A Japanese yen currency-related exchange traded fund plunged on Friday after the Bank of Japan stuck to its ultra-low interest rate policy and pledged to maintain accommodative policies.
The CurrencyShares Japanese Yen Trust (NYSEArca: FXY), which tracks the yen against the U.S. dollar, fell 2.2% on Friday.
“It is not appropriate to tighten monetary policy at this point,” BOJ Gov. Haruhiko Kuroda said. “If we raise interest rates, the economy will move into a negative direction.”
However, the BOJ did acknowledge that the yen’s recent weakness may weigh on the economy, but policymakers reassured that they will “closely watch” the impact of foreign exchange moves and their effects, Reuters reports.
“Recent rapid falls in the yen heighten uncertainty on the outlook and make it difficult for companies to set business plans.
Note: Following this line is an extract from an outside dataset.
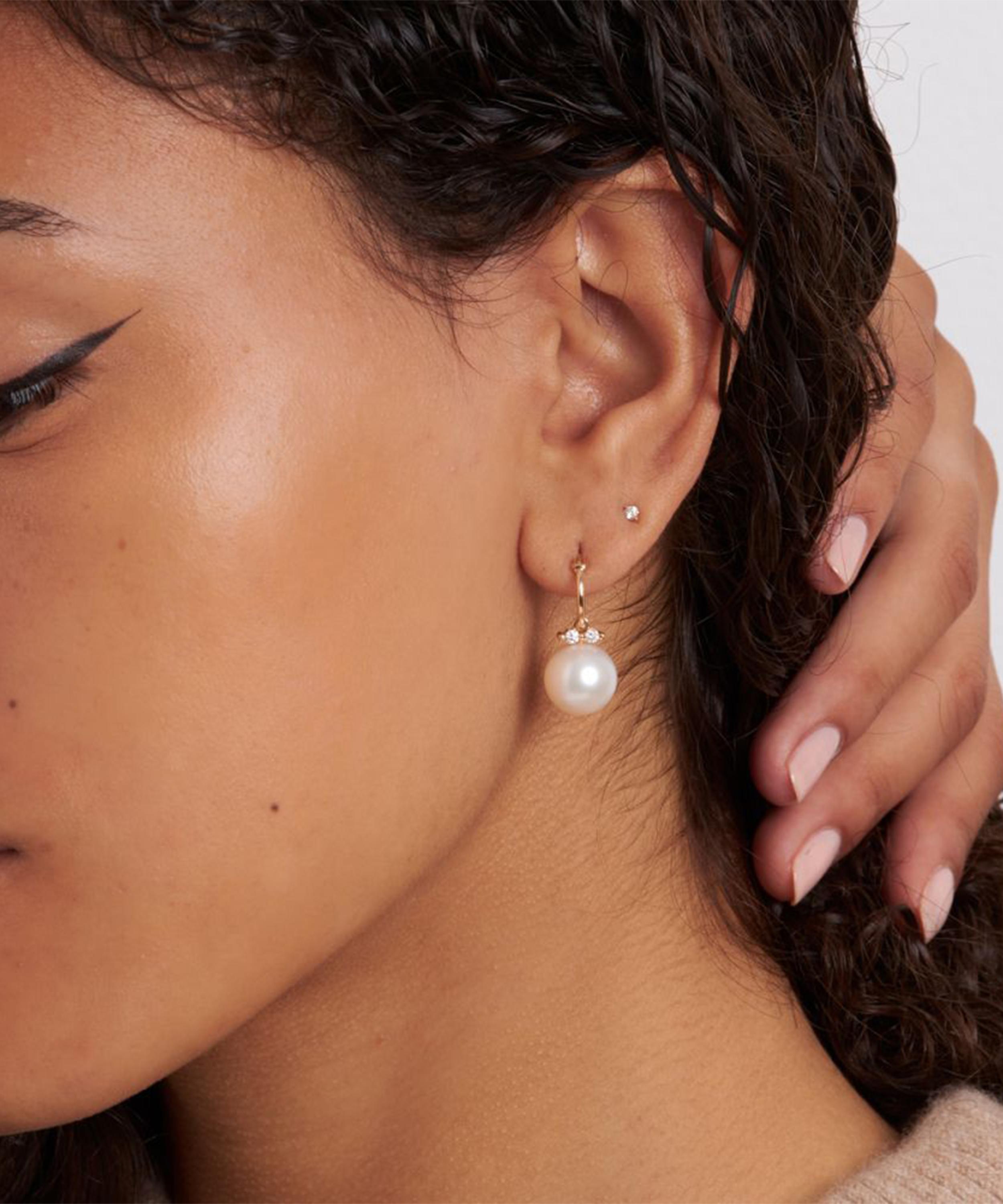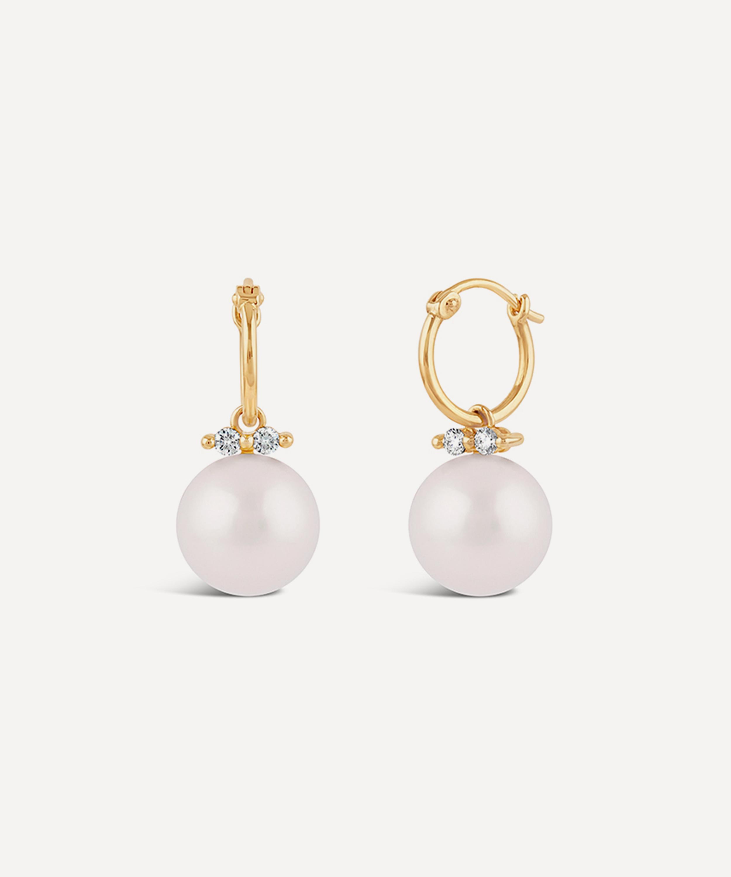Catching the light with a myriad of precious jewels, Dinny Hall's Shuga collection was originally inspired by traditional East Asian dancing costumes, covered with tiny brightly coloured mirrors. Crafted from solid 9 carat gold, each of these hoop earrings is adorned with a large freshwater pearl drop charm with two tiny white diamonds at the top. Style them alone for a minimal everyday look, or layer them with a pair of coordinating Shuga studs for the beginnings of a show-stopping evening curation.

It’s therefore negative for the economy and undesirable,” Kuroda told a news conference.
The BOJ has kept to its -0.1% target on short-term rates and vowed to guide the 10-year yield to around 0% by a majority 8-1 vote. The central bank also maintained its guidance to keep rates at “present or low” levels and even reaffirmed its commitment to buy an unlimited sum of 10-year government bonds at 0.25% to maintain its support policy outlook.
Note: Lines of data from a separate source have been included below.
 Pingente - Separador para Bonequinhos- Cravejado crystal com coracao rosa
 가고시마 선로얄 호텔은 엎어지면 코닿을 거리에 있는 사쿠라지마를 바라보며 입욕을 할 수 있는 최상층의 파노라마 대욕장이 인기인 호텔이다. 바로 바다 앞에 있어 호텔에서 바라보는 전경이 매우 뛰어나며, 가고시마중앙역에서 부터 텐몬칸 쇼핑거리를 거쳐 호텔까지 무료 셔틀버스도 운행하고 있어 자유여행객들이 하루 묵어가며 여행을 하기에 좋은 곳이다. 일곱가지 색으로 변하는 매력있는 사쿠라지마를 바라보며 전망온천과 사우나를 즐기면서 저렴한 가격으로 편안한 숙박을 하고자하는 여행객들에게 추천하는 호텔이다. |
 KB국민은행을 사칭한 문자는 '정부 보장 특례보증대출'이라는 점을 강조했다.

“Raising interest rates or tightening monetary policy now would add further downward pressure on an economy that is in the midst of recovering from the COVID-19 pandemic’s pain,” Kuroda said, pushing off the chance of a near-term rate hike.
The BOJ Governor also stated that there will be a hard cap on the 10-yield note at 0.25% and had no plans to increase the upper limit despite global pressures.
“There was speculation the BOJ could tweak policy to address currency moves, but the answer from the central bank was no,” Shotaro Kugo, an economist at Daiwa Institute of Research, told Reuters.